Opening LO_TEST.docx

Arch Linux 64-bit
Version: 6.3.0.0.alpha0+
Build ID: 558956dc811a1f0f07411e348f7081a467bbc3b5
CPU threads: 8; OS: Linux 5.0; UI render: default; VCL: gtk3; 
Locale: fi-FI (fi_FI.UTF-8); UI-Language: en-US
Calc: threaded
Built on 4 April 2019
Comment 12 Timur 2020-10-12 12:36:56 UTC
.docx is 2007 version, similar if resaved in MSO, somewhat slow to open in LO 7.1+ but fast after that.
MSO is also slow to count 114 pages.
Comment 13 NISZ LibreOffice Team 2021-02-16 09:36:17 UTC
bug #100139 also contains 100+ page long tables in docx.
Comment 14 Xisco Faulí 2021-02-19 16:29:10 UTC
For me, it takes

real	0m16,860s
user	0m16,175s
sys	0m0,544s

in

Version: 7.2.0.0.alpha0+ / LibreOffice Community
Build ID: 7b649f835cc00ed76927c6821a135605609bed4e
CPU threads: 4; OS: Linux 5.7; UI render: default; VCL: gtk3
Locale: en-US (en_US.UTF-8); UI: en-US
Calc: threaded

Should it be closed as RESOLVED WORKSFORME ?
Comment 15 Mikeyy - L10n HR 2021-02-19 21:08:38 UTC
AMD Ryzen 5 3600
Windows 10

LO 7.0.4 and LO 7.1.0 release versions.
DOC 28s
DOCX 28s - this one shows first page early, maybe 10-12s, but it doesn't load whole document, and LO in unresponsive. After it loads all 115 pages it becomes responsive again.
Comment 16 NISZ LibreOffice Team 2021-04-12 11:53:14 UTC
Docx import started to be fast (around 20 seconds instead of 50) on my old-ish machine in 6.3 after:

https://cgit.freedesktop.org/libreoffice/core/commit/?id=e14056e6e88d9b8d988b7b88b2776a8fc952031b


author	Michael Stahl <Michael.Stahl@cib.de>	2019-05-22 17:03:09 +0200
committer	Michael Stahl <Michael.Stahl@cib.de>	2019-05-23 10:38:30 +0200

tdf#119109 sw: fix iteration in SwFrame::PrepareMake()
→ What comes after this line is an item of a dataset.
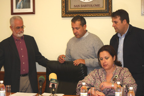 El alcalde de San Bartolomé, Marcial Martín, negó que el grupo de gobierno que preside haya orquestado una persecución a miembros del Comité de Empresa del Ayuntamiento tal y como lo denunciaron públicamente este martes cuatro organizaciones sindicales. Martín dijo que se trata de una “táctica sindical” y reiteró la “falsedad” de dicha acusación. El máximo responsable de la Corporación, acompañado de los concejales del grupo de gobierno, sostuvo en rueda de prensa que la estabilidad presupuestaria del municipio permanece en riesgo si no actúa con responsabilidad y sigue adoptando medidas de reducción del gasto. Citando el informe de Intervención, Martín, a propósito de los 18 despidos, destacó que para la Administración es inasumible la masa salarial, que en 2009 será de 7 millones de euros, si se tiene en cuenta la disminución de ingresos por el orden de 2,5 a 3 millones de euros. Martín no descartó nuevos despidos y dejó entrever que dependerá de si empeoran o no las cuentas municipales. El alcalde achacó íntegramente la culpa al grupo de gobierno anterior recordando que encontró la Administración con una deuda superior a los 24 millones de euros. Varios de los ediles de la oposición siguieron atentamente la comparecencia de Marcial Martín, quien echa en falta una reacción sindical si quiera parecida por los más de 5.000 empleos que se han perdido en Lanzarote durante los últimos meses.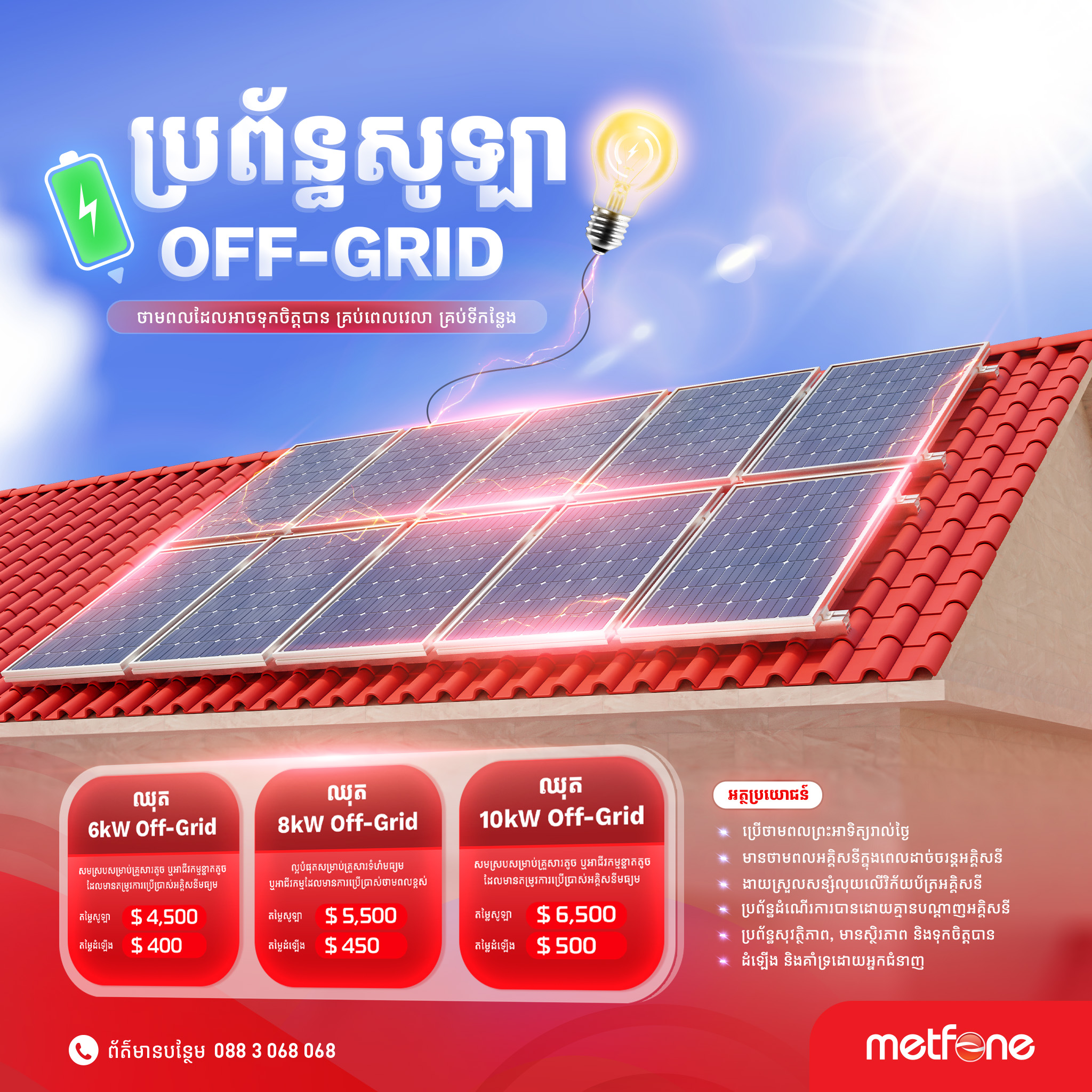 ប្រព័ន្ធថាមពលព្រះអាទិត្យរបស់ក្រុមហ៊ុន Metfone អនុញ្ញាតឱ្យអ្នកប្រើប្រាស់បង្កើតអគ្គិសនីពីថាមពលព្រះអាទិត្យ និងរក្សាទុកវាដោយឆ្លាតវៃសម្រាប់ការប្រើប្រាស់ 24/7 ។ នៅពេលថ្ងៃ អគ្គិសនីដែលបង្កើតចេញពីបន្ទះសូឡាត្រូវបានផ្តល់អាទិភាពដើម្បីផ្តល់ថាមពលដល់ឧបករណ៍ប្រើប្រាស់ក្នុងផ្ទះ និងប្រតិបត្តិការអាជីវកម្ម ។ ថាមពលលើសណាមួយត្រូវបានរក្សាទុក ក្នុងប្រព័ន្ធថ្មនឹងត្រូវរក្សាទុក ដល់ការប្រើប្រាស់នៅពេលល្ងាច ឬក្នុងអំឡុងពេលមានតម្រូវការខ្ពស់ ។ សូមអរគុណចំពោះយន្តការប្រតិបត្តិការទំនើបរបស់វា ប្រព័ន្ធនេះបង្កើនប្រសិទ្ធភាពថាមពលអតិបរមា និងធានាបាននូវការផ្គត់ផ្គង់ថាមពលដែលមានស្ថេរភាព និងបន្តក្រោមលក្ខខណ្ឌផ្សេងៗ ។

DOC format attachment 126431 [details] is still imported in about 50 seconds in 6.3 and current 7.2 bibisect master:

Version: 7.2.0.0.alpha0+ (x64) / LibreOffice Community
Build ID: da6c70efbc991f1fc61aace267dd4f972dedce6c
CPU threads: 4; OS: Windows 10.0 Build 18363; UI render: Skia/Raster; VCL: win
Locale: bs-BA (hu_HU); UI: en-US
Calc: threaded
Comment 17 NISZ LibreOffice Team 2021-04-12 11:56:29 UTC
Let's focus only on the doc format in this one.